**WHAT IS REQUIRED:**
Make an exact copy of the records, leaving out the images.

**DATA TO PROCESS:**
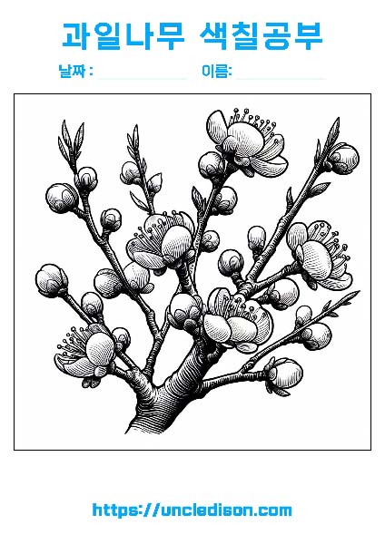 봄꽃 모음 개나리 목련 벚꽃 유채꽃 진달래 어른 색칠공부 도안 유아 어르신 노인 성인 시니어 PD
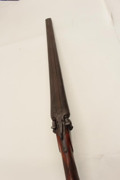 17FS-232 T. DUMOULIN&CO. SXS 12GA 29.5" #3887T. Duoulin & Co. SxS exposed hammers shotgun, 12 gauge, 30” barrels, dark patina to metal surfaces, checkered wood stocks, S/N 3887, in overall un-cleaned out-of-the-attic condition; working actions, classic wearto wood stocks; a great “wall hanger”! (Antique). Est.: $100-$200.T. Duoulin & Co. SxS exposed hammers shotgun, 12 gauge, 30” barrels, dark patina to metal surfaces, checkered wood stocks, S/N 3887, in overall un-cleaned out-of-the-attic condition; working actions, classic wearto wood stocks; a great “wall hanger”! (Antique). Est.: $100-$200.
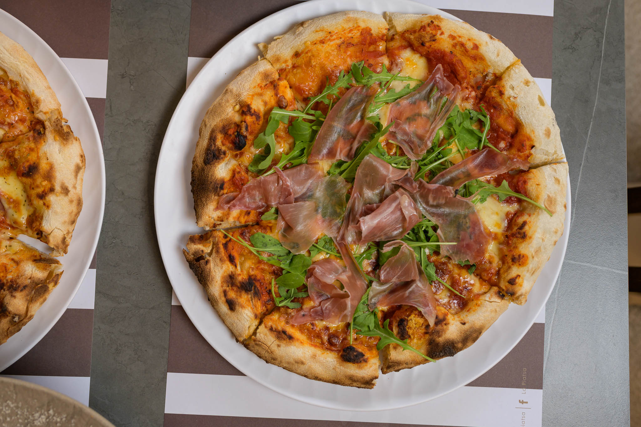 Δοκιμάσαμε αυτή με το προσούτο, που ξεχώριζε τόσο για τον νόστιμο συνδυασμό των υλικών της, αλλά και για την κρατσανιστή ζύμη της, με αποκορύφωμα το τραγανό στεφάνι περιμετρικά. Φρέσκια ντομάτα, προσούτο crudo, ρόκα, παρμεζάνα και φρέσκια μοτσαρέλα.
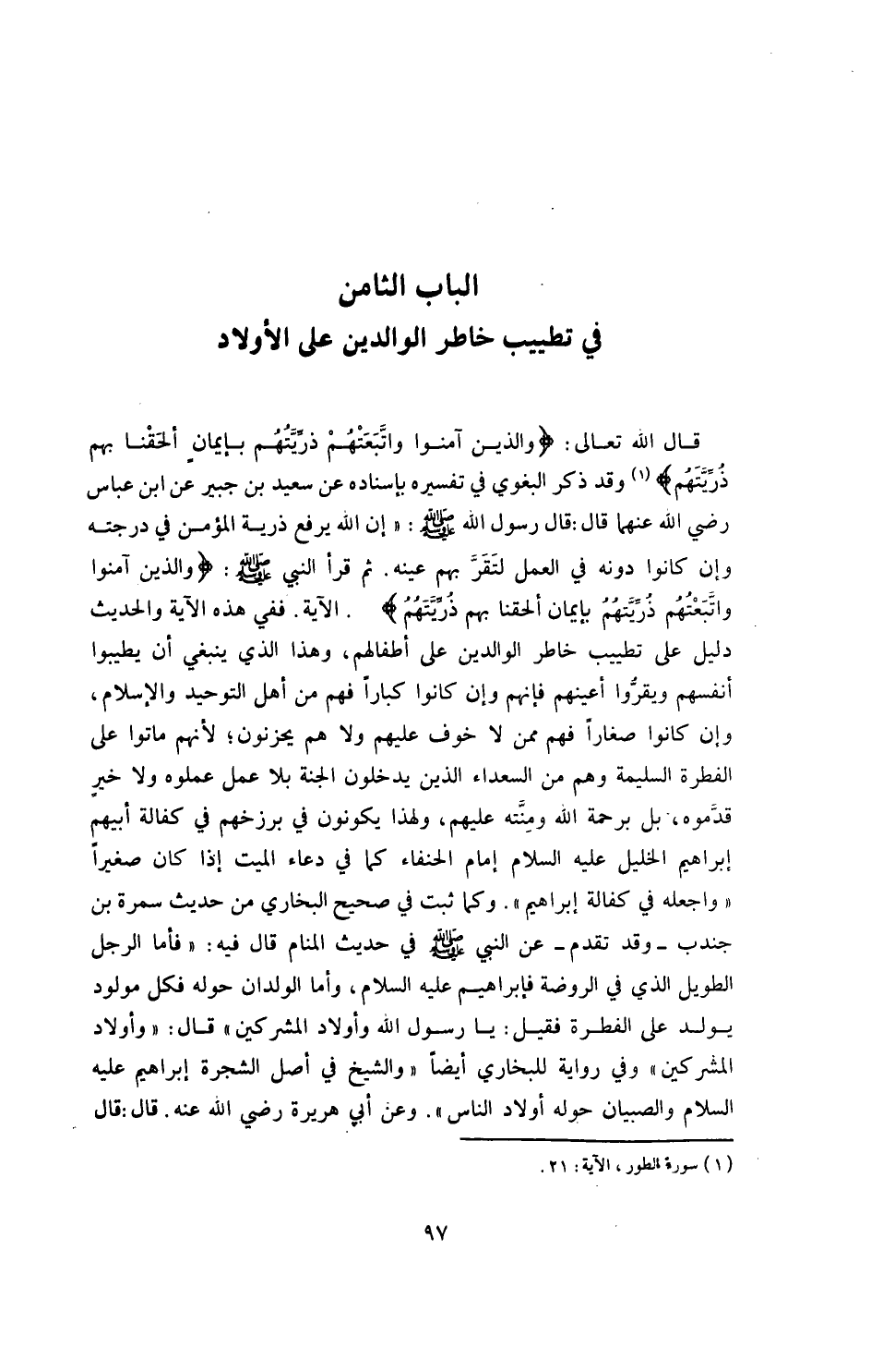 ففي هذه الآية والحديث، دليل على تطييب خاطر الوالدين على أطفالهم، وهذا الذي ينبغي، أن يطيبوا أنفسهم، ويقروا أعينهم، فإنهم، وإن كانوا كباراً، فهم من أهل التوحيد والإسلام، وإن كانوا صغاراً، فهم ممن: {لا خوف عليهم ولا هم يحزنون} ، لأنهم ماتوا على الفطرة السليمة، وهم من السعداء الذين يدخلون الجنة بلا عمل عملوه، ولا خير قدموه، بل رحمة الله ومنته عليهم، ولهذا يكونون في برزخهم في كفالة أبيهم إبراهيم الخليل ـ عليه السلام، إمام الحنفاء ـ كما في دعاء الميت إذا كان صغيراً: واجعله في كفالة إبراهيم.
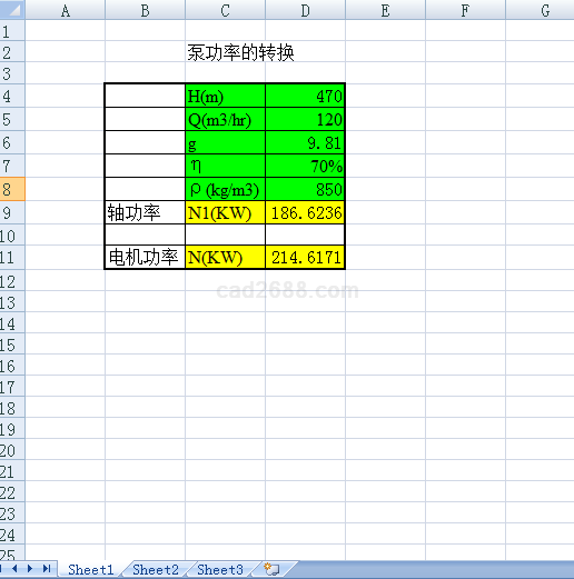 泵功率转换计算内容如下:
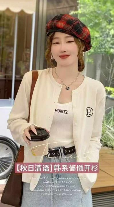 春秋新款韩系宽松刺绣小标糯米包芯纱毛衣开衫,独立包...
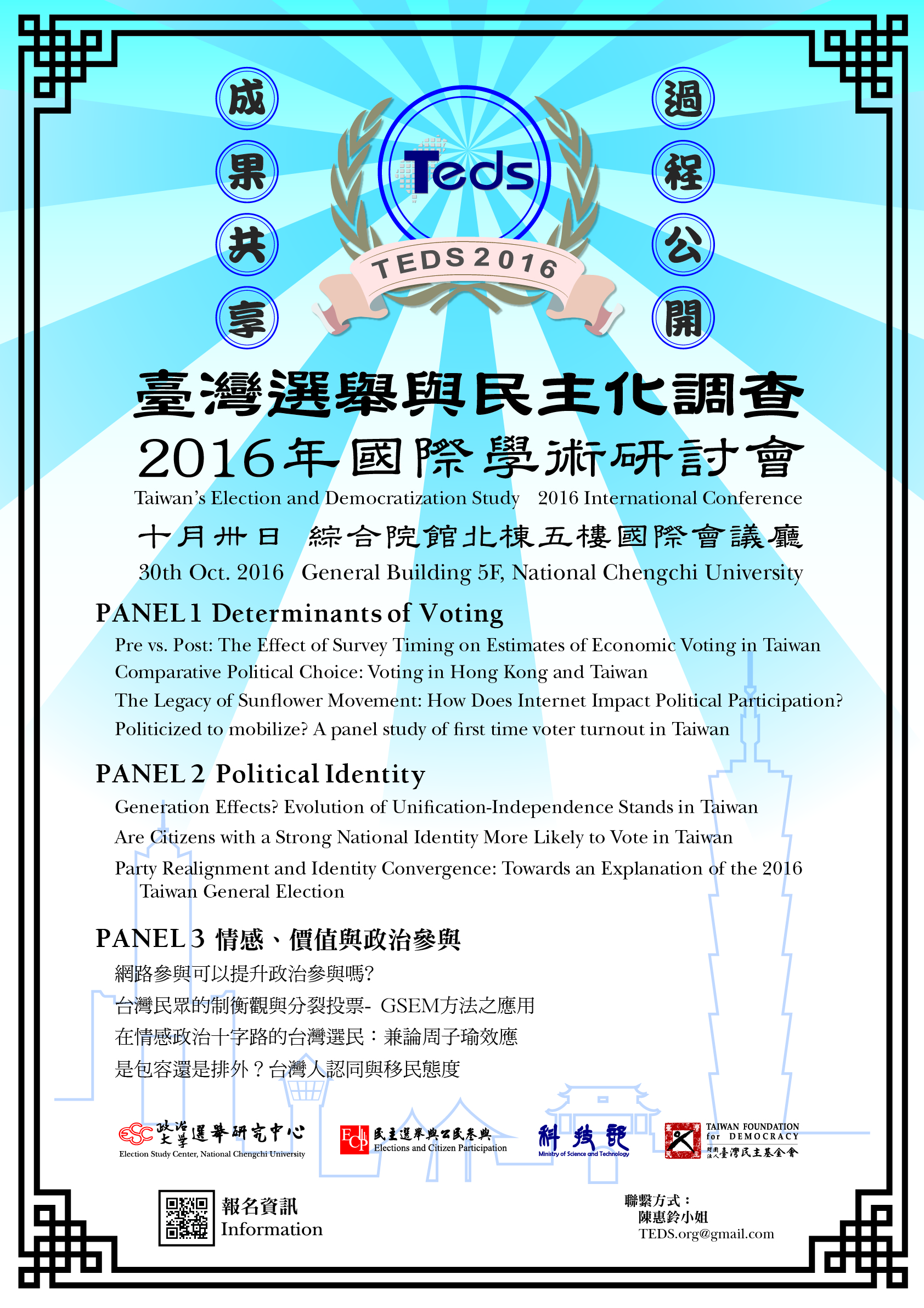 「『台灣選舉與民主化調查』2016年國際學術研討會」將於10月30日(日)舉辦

**SOLVED EXERCISE:**
 봄꽃 모음 개나리 목련 벚꽃 유채꽃 진달래 어른 색칠공부 도안 유아 어르신 노인 성인 시니어 PD
 17FS-232 T. DUMOULIN&CO. SXS 12GA 29.5" #3887T. Duoulin & Co. SxS exposed hammers shotgun, 12 gauge, 30” barrels, dark patina to metal surfaces, checkered wood stocks, S/N 3887, in overall un-cleaned out-of-the-attic condition; working actions, classic wearto wood stocks; a great “wall hanger”! (Antique). Est.: $100-$200.T. Duoulin & Co. SxS exposed hammers shotgun, 12 gauge, 30” barrels, dark patina to metal surfaces, checkered wood stocks, S/N 3887, in overall un-cleaned out-of-the-attic condition; working actions, classic wearto wood stocks; a great “wall hanger”! (Antique). Est.: $100-$200.
 Δοκιμάσαμε αυτή με το προσούτο, που ξεχώριζε τόσο για τον νόστιμο συνδυασμό των υλικών της, αλλά και για την κρατσανιστή ζύμη της, με αποκορύφωμα το τραγανό στεφάνι περιμετρικά. Φρέσκια ντομάτα, προσούτο crudo, ρόκα, παρμεζάνα και φρέσκια μοτσαρέλα.
 ففي هذه الآية والحديث، دليل على تطييب خاطر الوالدين على أطفالهم، وهذا الذي ينبغي، أن يطيبوا أنفسهم، ويقروا أعينهم، فإنهم، وإن كانوا كباراً، فهم من أهل التوحيد والإسلام، وإن كانوا صغاراً، فهم ممن: {لا خوف عليهم ولا هم يحزنون} ، لأنهم ماتوا على الفطرة السليمة، وهم من السعداء الذين يدخلون الجنة بلا عمل عملوه، ولا خير قدموه، بل رحمة الله ومنته عليهم، ولهذا يكونون في برزخهم في كفالة أبيهم إبراهيم الخليل ـ عليه السلام، إمام الحنفاء ـ كما في دعاء الميت إذا كان صغيراً: واجعله في كفالة إبراهيم.
 泵功率转换计算内容如下:
 春秋新款韩系宽松刺绣小标糯米包芯纱毛衣开衫,独立包...
 「『台灣選舉與民主化調查』2016年國際學術研討會」將於10月30日(日)舉辦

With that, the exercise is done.